Washington—Senator Dianne Feinstein (D-Calif.) today released the following statement after Republicans released the final text of their tax bill that would raise taxes on millions of American families:
“I’m surprised anyone can call this a tax reform bill with a straight face. This is nothing more than a huge tax cut for big corporations and the rich, paid for by the middle class.
“It’s the height of hypocrisy for Republicans to vote for a tax cut that would add at least $1 trillion to the deficit after spending eight years railing against the national debt. Republicans who say we can’t afford programs to help middle-class families seem to have no qualms about spending $1 trillion on corporations and the wealthiest people in this country.
“Written completely in secret, Republicans are rushing to vote on a bill that never received a public hearing with outside groups and without any Democratic input or support.
“This bill is one of the most irresponsible I’ve seen. In addition to driving up the deficit, it will increase health care premiums in the individual market by 10 percent each year, leave 13 million more Americans without health insurance and threaten to destroy a pristine section of the Alaskan wilderness. This is an awful bill.”
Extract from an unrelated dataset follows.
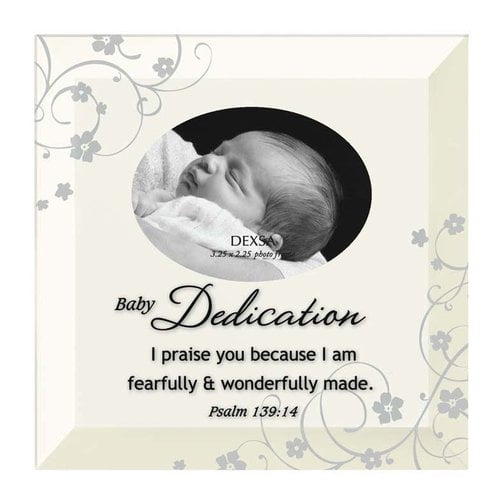 Dexsa Baby Dedication Beveled Glass Picture Frame. NO TEXT in the center 5x7 opening. LASODY Enamel Baby Picture Frame-Baby Birthday Gifts-New Born Baby.

Raises Taxes on the Middle Class
The bill shifts the tax burden onto the middle class. Meanwhile, it lowers the top rate from 39.6 percent to 37 percent for the richest individuals.
Windfall for Corporations
The Republican tax bill permanently slashes the corporate tax rate from 35 percent to 21 percent, while the lower rates for individuals will expire in 2026. It also repeals the corporate Alternative Minimum Tax, allowing companies to drive their effective tax rate down further.
State and Local Tax Deduction
The bill significantly weakens the deduction for state and local taxes, or SALT, paid by individuals. This provision in our tax code has prevented the double taxation of income since 1913. The bill the caps the deduction for state and local taxes, including income, sales and property taxes, at $10,000. In 2015, more than 6 million California households claimed the SALT deduction with an average deduction of $18,400. In 33 California counties, the average SALT deduction in 2015 was more than $10,000.
Mortgage Interest Deduction
The bill caps the mortgage interest deduction at $750,000 for new mortgages. In California, seven counties have average home prices that are more than $750,000: Alameda, Marin, Orange, San Francisco, San Mateo, Santa Clara and Santa Cruz counties.
Increases the Deficit
According to the latest Joint Committee on Taxation analysis, the Republican plan would not generate enough growth to pay for the lost revenue. It would add more than $1.4 trillion to the deficit over the next 10 years, while economic growth would only generate approximately $400 billion in new revenue.
Medicare, Medicaid and Social Security
The increased deficit could automatically trigger across-the-board cuts to important social safety net programs, including $25 billion in Medicare cuts. The increased deficit could also be used as an excuse by Republicans to enact future cuts to Medicare, Medicaid, Social Security and other domestic programs to pay for the lost revenue.
Attacks the Affordable Care Act
The bill repeals the individual mandate which would increase health care premiums by more than 10 percent in the individual market and would leave 13 million more Americans without health insurance.